Norway’s salmon industry has become one of the country’s most important export industries, second only to oil and gas production. Although many of Norway’s farmed salmon producers claim to be making a positive contribution to global food security, their business model involves selling to high- income markets where protein and micronutrient requirements are already met.

The small fish targeted by the feed ingredient industry contain key nutrients – such as iron, zinc, and calcium – vital for nutrition in West Africa, where more than half of the female population suffer from anaemia. This is happening at a time when hunger is on the rise across sub-Saharan Africa a region severely impacted by lack of micronutrient availability. In 2020, the number of undernourished people in the region rose to 274 million, with 84% of people unable to afford a healthy diet. Fish consumption in Senegal alone declined by 50% in the 10 years between 2009-2018, driven by a reduction in the availability of small pelagic fish.

Skretting Averøy - photo used under the Creative Commons License 4.0

Natasha Hurley, Director of Campaigns at Feedback said: “While salmon companies claim their ‘blue revolution’ will contribute to global food security by feeding the world, the rapid expansion of industrial aquaculture is fuelling a modern-day colonialism, or food imperialism. Despite mounting hunger and malnutrition in West African countries, corporate sustainability initiatives are failing to protect West African communities from hunger and malnutrition linked to the voracious appetite of the salmon farming industry for wild fish.”

Marie Suzanna Traore, Executive Secretary of RAMPAO said, “Along the West African coast, small-scale fishing is the only means of subsistence for Indigenous communities.

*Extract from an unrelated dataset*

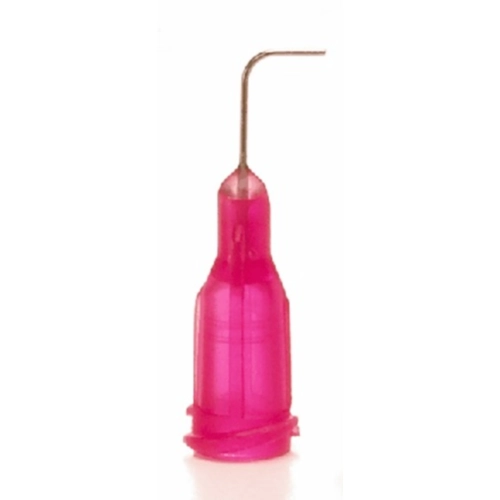 Gebogene Dosiernadel, mit Luer-Lock-Anschluss. Die Edelstahlkanüle ist präzise um 45° oder 90° Grad gebogen und eignet sich ideal für die Dosierung in schwer zugänglichen Bereichen. Erhältlich in Verpackungseinheiten von 50 Stück.

The big boats that supply the fishmeal and fish-oil industry with fish caught in African waters, to the detriment of these communities, undermine their human dignity.”

Mika Samba Diop of the Sub-Regional Fisheries Commission (SRFC) said, “In Mauritania, round sardinella catches dropped by 66% between 2020 and 2021. In Senegal, they dropped by 86% and in Gambia by 16% over the same period. Unfair competition from fish meal factories, which offer more money for catches, has resulted in many women who process small pelagic fish losing their jobs. The overexploitation of fish stocks has led to a drastic reduction in small-scale fishers’ incomes and local fish consumption of fish. For example, in The Gambia, annual per capita consumption of fish has gone from 15kg in 2020 to only 8kg in 2021.”

Dr Aliou Ba senior oceans campaign manager for Greenpeace Africa said, "This is big business stripping life from our oceans, and depriving our fishing communities of their livelihoods. The science is clear, it will soon be too late. They must stop now. These industries established in West Africa use fish to produce fish meal and fish oil to feed animals in Europe and Asia while the African population needs this fish to feed themselves."

Elise Åsnes, leader of Spire said, "Norwegian politics on food security must be coordinated at home and abroad. We cannot have a Norwegian salmon industry based off the use of food resources of other food insecure countries. What this report shows is just another way of taking the food out of the hands of poor countries."

Feedback and its partners are calling on the Norwegian government to:

  • Halt the growth of Norway’s salmon farming sector.
  • Require full and mandatory transparency on feed sourcing at each stage of the aquaculture supply chain.
  • Ensure the domestic farmed salmon industry does not undermine its global development goals.

It is also calling on corporations, including feed manufacturers and salmon producers to:

  • Disclose transparently, consistently and in detail aquafeed sourcing volumes, locations and species used.
  • Stop sourcing fish meal and fish oil (or products dependent on FMFO) from locations where its production is driving food-feed competition and exacerbating food insecurity, especially vulnerable West African countries.
  • End the use of whole wild caught fish in feed.